Interagency Working Group (IWG)

Selected Documents Released under the Nazi War Crimes Disclosure Act

Record Group 226: Records of the Office of Strategic Services

On June 26, 2000, the Nazi War Criminal Records Interagency Working Group (IWG) made available to researchers approximately 400,000 pages of previously classified documents from the records of the Office of Strategic Services (OSS), 1942-45, and its successor the Strategic Services Unit (SSU), 1945-46. This release contains new and historically valuable material that would not have been declassified without the passage of the Nazi War Crimes Disclosure Act and the efforts of the National Archives and the Central Intelligence Agency under the act.

Since there was a close intelligence relationship between Britain and the U. S. during World War II, the two sides shared much information, and as a consequence the OSS release contains much British intelligence information of historical value.

British intelligence was able to intercept and decipher messages of the SS Security Service (SD) sent by radio from Rome to Berlin (and vice versa) during the late summer and fall of 1943. The translated text of the SD messages during August, September, and October 1943 may be found in the IWG release. They provide a much better picture of how the Holocaust in Italy began. One example is the translated British decrypt of a German SS Security Service (SD) communiqué from Ernst Kaltenbrunner, Head of the Reich Security Main Office, (Berlin) to Herbert Kappler, German Police Attaché in Rome, October 11, 1943, which British Intelligence furnished to the OSS. [Records of the Office of Strategic Services (RG 226), Document # 670 (CIA Box4, Project 907122).] The decrypts contain much detail about early German decisions to deport Italian Jews to Auschwitz.
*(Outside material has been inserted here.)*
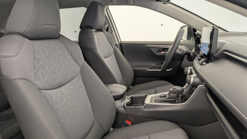 6 HP / Indicateur de perte de pression des pneus / Antenne de toit type requin / Barres de toit longitudinales / Accoudoir central AV avec compartiment de rangement / Electrostabilisateur programmé (ESP) / Passage de roues noirs / Système d'appel d'urgence automatique "E-Call" / Direction électrique motorisée (RP-EPS) / Ciel de pavillon gris / Volant et levier de vitesse gainés cuir avec insert type chrome / Volant multifonction 3 branches, réglable manuellement en hauteur et profondeur / Filet coffre / Système AVAS (Acoustic Vehicle Alerting System) / Ecrous antivol / Kit de sécurité / Frein de stationnement électrique / Plancher de coffre réversible avec revers imperméable / Système intelligent de plancher plat Toyota Easy Flat System / Double sortie d'echappement ovale / Grille de calandre couleur acier / Coffre à ouverture et fermeture électriques / Commande de blocage de différentiel "Trail" / Clé sécurisée contre les attaques par relais / Sélection mode de conduite : ECO, NORMAL, SPORT, EV / Systèmes de freinage antiblocage (ABS) et d'amplification de freinage d'urgence (BA) + EBD / Systèmes de contrôle de motricité (TRC) et de stabilité (TSC) / Sellerie en tissu sport noir / Ornements supérieurs de vitre chromés / Bandeau de planche de bord gainé de cuir noir / Ouverture électrique de la trappe à carburant / Compteur numérique personnalisable 12,3" / Fermeture centralisée avec commande à distance et verrouillage automatique des ouvrants en roulant / 7 Airbags (frontaux et latéraux pour conducteur et passager AV, rideaux AV et AR et protège-genoux conducteur, avec déconnexion de l´airbag passager) / Ornementation sous optiques AR chromée / Système d?alarme avec fonction double verrouillage et détection de bris de glace / 1 prise 12 V et 2 prises USB-C AR / 2 prises 12 V, 1 prise USB et une prise USB-C AV / Poignées de portes intérieures satinées / Commandes des vitres rétroéclairées / Tapis de sol en velours, AV et AR avec logo "RAV4 Hybrid" / Eclairage d'accueil LED aux places AV / Optiques AV et AR à LED sauft clignotants et feux de recul / Système de téléphonie Bluetooth, connectique auxiliaire/USB et radio digitale DAB / Rétroviseurs extérieurs électriques, dégivrants, et rabattables automatiquement avec rappels de clignotants, couleur carrosserie / Poignées de portes extérieures couleur carroserie / Vitres électriques avec système antipincement, descente et remontée à impulsion / Système multimédia Toyota Smart Connect avec écran couleur tactile haute définition, connectivité smartphone sans fil AppleCar Play et Android Auto filaire, Navigation connectée avec infotrafic en temps réel et Smart Parking (aide à la recherche de stationnement), Reconnaissance vocale avancée "Hey Toyota", 4 ans de mises à jour cartographiques et services connectés inclus / Toyota Safety Sense Système de sécurité précollision avec détection des véhicules, piétons et cyclistes, actif également dans les intersections. Alerte de franchissement de ligne avec aide au maintien dans la file, assistant de trajectoire et détecteur de fatigue, Lecture des panneaux de signalisation avec limiteur de vitesse, Gestion automatique des feux de route, Régulateur de vitesse adaptatif intelligent, Système d'aide aux manoeuvres d'évitement d'urgence avec détection des véhicules, piétons / Contre-portes avec revêtement Premium / Boîte automatique à variation continue / Contrôle de traction (TCS) / Système d'ouverture/fermeture des portes et démarrage sans clé "Smart Entry & Start" / Rétroviseur intérieur électrochromatique / Essuie-glaces AV avec détecteur de pluie / / Véhicules équivalents: CRV, X-trail

One key OSS informant during WWII was an anti-Nazi German Foreign Office official named Fritz Kolbe, who carried many hundreds of documents with him on frequent visits to Switzerland, where he met with OSS officials. Kolbe, codenamed George Wood, became Allen Dulles's best source in Bern during 1944 and 1945, a story well known to intelligence historians. Many of Kolbe's documents and extracts from them are scattered throughout the open OSS collection, but this June IWG release contains a complete set of them in translation, showing that they were sent to President Roosevelt and others. By the end of the War, Kolbe had provided more than 1,600 documents to U.S. intelligence. Among these, collected in the OSS "Boston Series," is Report No. 9, hand delivered to the White House on January 10, 1944, concerning Nazi plans to roundup 8,000 Jews in Rome.
[Records of the Office of Strategic Services (RG 226), Entry 210, Box 440.]